The first use of "Nabisco" was in a cracker brand first produced by National Biscuit Company in 1901. The first use of the red triangular logo was in 1952. The name of the company was not changed to Nabisco until 1971; prior to that year, the company was often referred to as N.B.C. (unrelated to the broadcasting company; even though the logo could be said to resemble an antenna, this seems to be a coincidence). In 1924 the National Biscuit Company (Nabisco) introduced a snack, put in a 5-cent sealed packet called "Peanut Sandwich Packet". They soon added a second, "Sorbetto Sandwich Packet". These packets allowed salesmen to sell to soda fountains, road stands, milk bars, lunch rooms, news stands etc. Sales increased and in 1928 the company adopted and started to use the name NAB, which immediately won the approval of the public. The term "Nabs" today is used to generically mean any type of snack crackers, most commmonly in the southeastern United States.
The Nabisco unit that produces cookies and crackers was renamed the Nabisco Biscuit Company in the 1990s. That prompted advertising columnist Stuart Elliott in The New York Times to quip that since Nabisco stood for the National Biscuit Company, the unit should be known as the National Biscuit Company Biscuit Company.
N.B.C. acquired the Shredded Wheat Company (maker of Triscuit and Shredded Wheat cereal) and Christie, Brown & Company of Toronto in 1928, but all of the Nabisco products in Canada still use the name "Christie". N.B.C. acquired F.H. Bennett Company (maker of Milk-Bone dog biscuits) in 1931. When Kraft bought Nabisco, it included Christie.
In 1981 Nabisco merged with Standard Brands, maker of Planters Nuts and separately acquires LifeSavers Candies. The company was then renamed Nabisco Brands, Inc.
In 1985 Nabisco was bought by R.J. Reynolds, forming RJR Nabisco. RJR Nabisco was in turn bought out in 1988 by Kolberg Kravis Roberts in the biggest leveraged buyout in history.
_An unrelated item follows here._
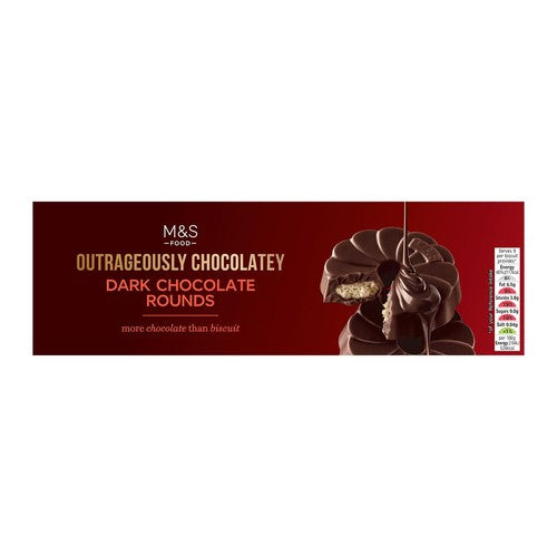 M&S Outrageously Chocolatey Dark Chocolate Rounds provide an exceptionally intense and rich flavour profile derived from their deep cocoa content. These decadent shortcake biscuit rounds are engineered to offer more chocolate than biscuit in every single serving. They are completely enveloped in a thick, smooth coating of dark chocolate for a luxurious experience.

This was described in the book Barbarians at the Gate: The Fall of RJR Nabisco by Bryan Burrough and John Helyar, and a subsequent film.
In 2000 Philip Morris Companies acquired Nabisco; that acquisition was approved by the Federal Trade Commission subject to the divestiture of products in five areas: three Jell-O and Royal brands types of products (dry-mix gelatin dessert, dry-mix pudding, no-bake desserts), intense mints (such as Altoids), and baking powder. Kraft later purchased the company.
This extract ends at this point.